Tapi, mengapa ketika Islam -yang dipeluk mayoritas penduduk negeri ini– mengajukan syariatnya sebagai solusi, dicap mengancam eksistensi negara, radikal, ekstrimis, intoleran, bahkan antipemerintah? Kenapa negara dengan setia menerapkan sekulerisme, padahal sekulerisme itu sendirilah yang melahirkan semua kebobrokan sosial ini?

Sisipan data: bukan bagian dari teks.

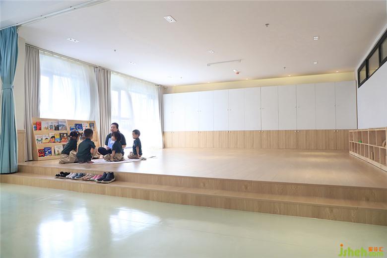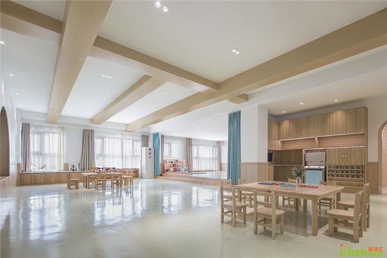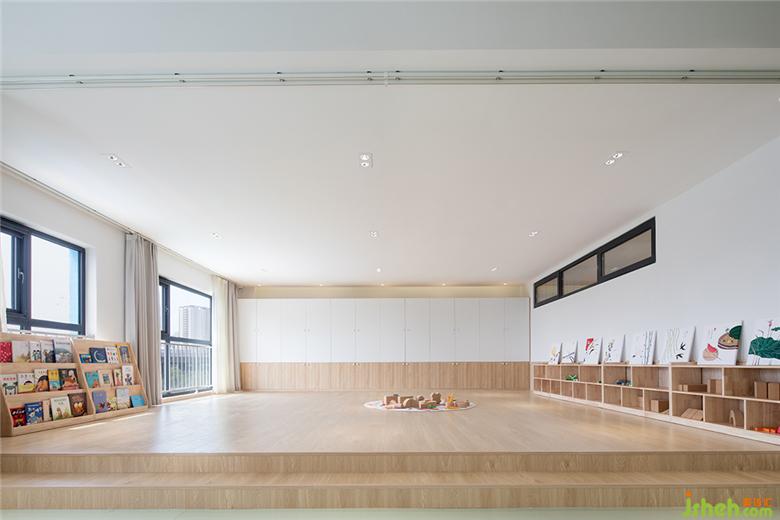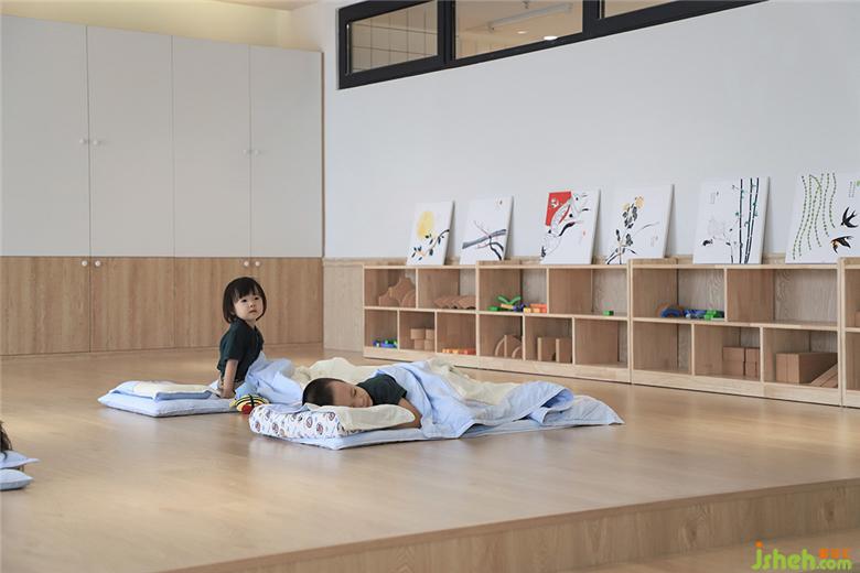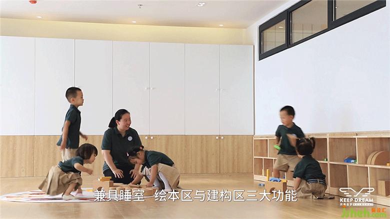 平时是建构区、课间是绘本区、午休时拉上窗帘形成榻榻米睡室,后边整面墙收纳柜和睡被柜一体,方便孩子和老师拿取,培养孩子的自主性。
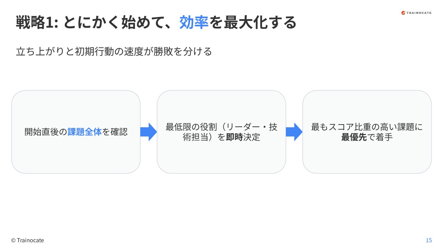 戦略1: とにかく始めて、効率を最⼤化する ⽴ち上がりと初期⾏動の速度が勝敗を分ける 開始直後の課題全体を確認 最低限の役割(リーダー‧技 術担当)を即時決定 最もスコア⽐重の⾼い課題に 最優先で着⼿ © Trainocate
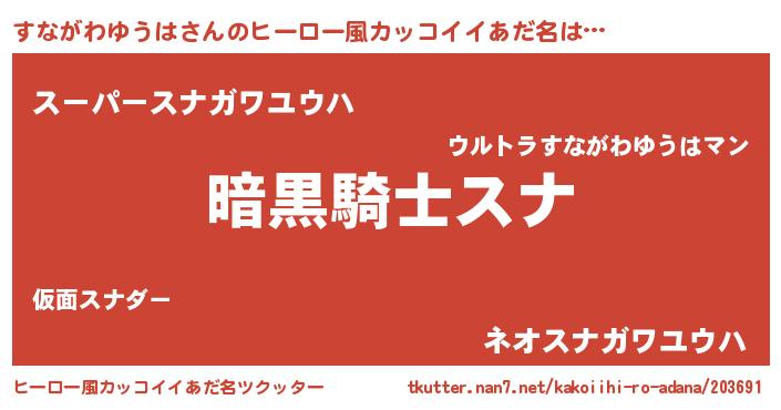 | 胡散臭い通販商品みたいなあだ名 | 『信頼と実績のサプリメント…その名も「すながわゆうは」』 |
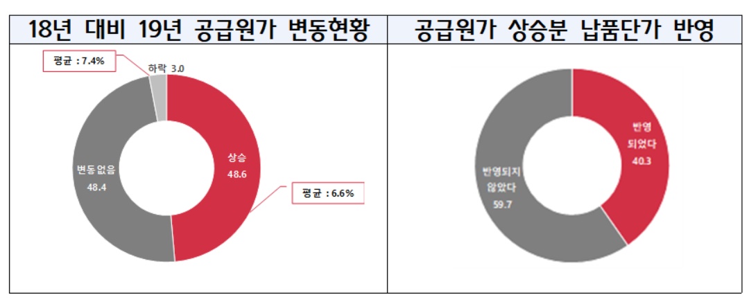 이 조사 결과에 따르면, 2018년 대비 2019년 재료비, 노무비 등 평균 공급원가 상승률은 6.6%인 것으로 조사되었다. 공급원가가 상승했다고 응답한 업체는 48.6%로 나타났으며, 공급원가가 상승했다고 응답한 업체 10개 중 6개 기업(59.7%)은 공급원가 상승분을 납품단가에 반영하지 못한 것으로 나타났다.
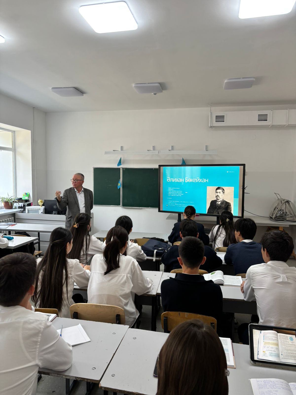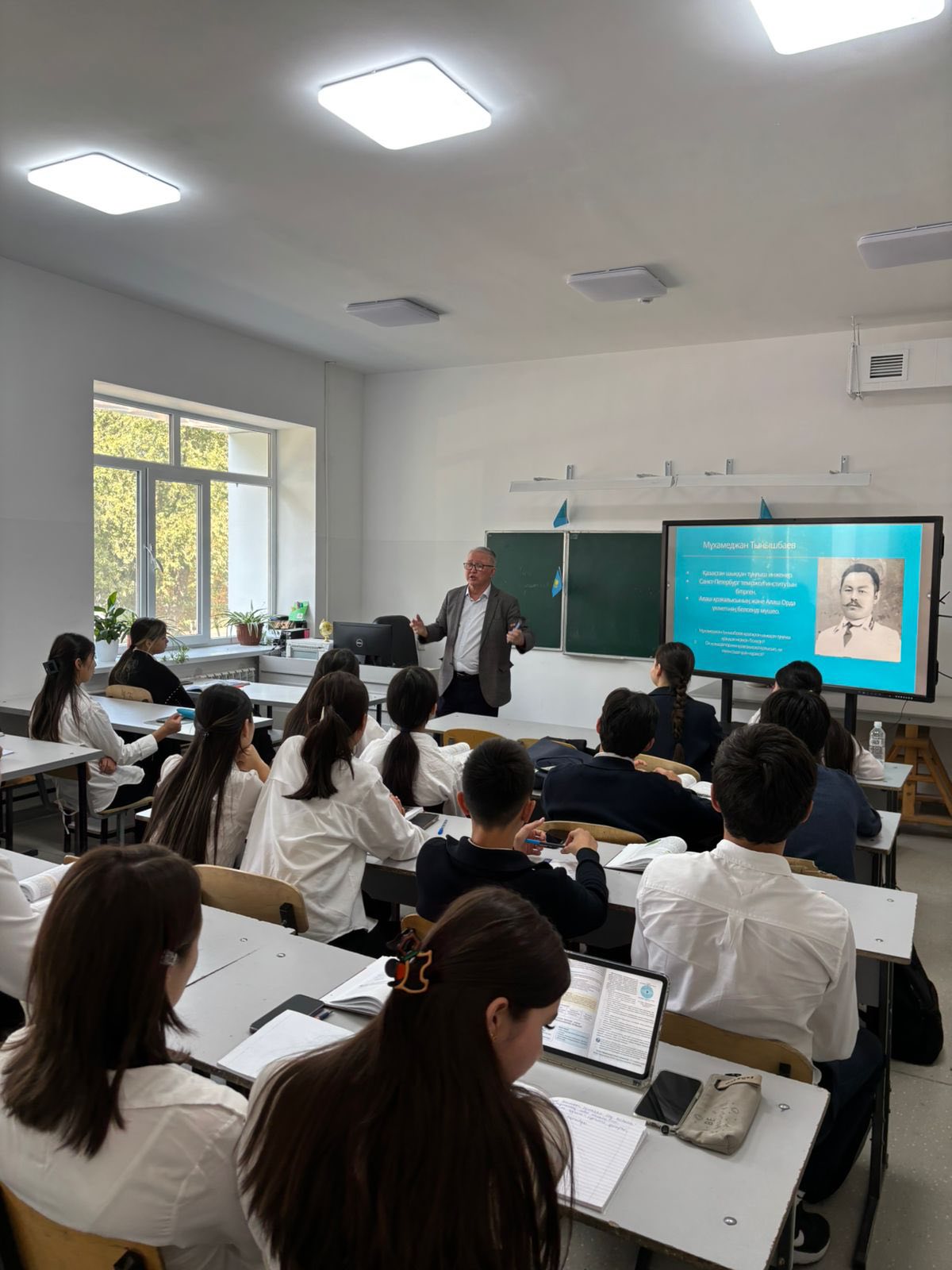 10.10.2025 күні 9 "Ғ" сыныбында Кененбаев Нұрлан Исаевич өткізген «Әлихан Бөкейханов – Алаш партиясының лидері» тақырыбындағы сабақ жоғары деңгейде өтті. Мұғалім тарихи деректерді жүйелі түрде түсіндіріп, оқушылардың ойлау, талдау қабілеттерін дамытуға назар аударды. Сабақта топтық жұмыс, сұрақ-жауап әдістері тиімді қолданылып, оқушылар белсенділік танытты. Тақырып тәрбиелік, тарихи тұрғыдан терең ашылды.

Sebaliknya, kenapa menuduh ideologi Islam, yang belum pernah diberi kesempatan memerintah negeri ini, dengan tuduhan-tuduhan miring? Tampak jelas, siapa yang bermuka dua, antara butuh dan tidak butuh terhadap Islam. Dan akan lebih baik lagi pembaca tanyakan pada nurani mereka yang sering menggembosi dan menghadang penegakan syariat islam, tanyakan pada mereka yang mengakui "kesaktian" Pancasila, ketimbang AL QURAN yang mulia.
Ingat-ingatlah duhai pembaca, kalau kalian mengerti, pertarungan di tingkat pemikiran ini sudah lama berlangsung, dan sedang berkecamuk dengan dahsyat, kapan lagi kita hendak merapatkan barisan ? menunggu babak belur ?????
Kita adalah umat terbaik yang pernah dilahirkan, jangan pedulikan tong kosong yang hanya bisa menanam PADI (kebaikan) sedangkan RUMPUT (pangkal kerusakan) mereka biarkan tumbuh subur, biarlah mereka memanen RUMPUT, toh kerugian mereka sendiri yang tanggung. Tetapi jangan sampai pola pikir mereka yang terbalik menguasai kita, mereka yang islam rohmatan lil alaminnya sekedar di mulut saja.
Inilah tanda-tanda akhir zaman. Ketika perzinaan merajalela dan masyarakat menganggapnya biasa. Kalau sudah begini, Republik ini tinggal menunggu BINASA. Dan mereka hanya bisa saling lempar tanggung jawab.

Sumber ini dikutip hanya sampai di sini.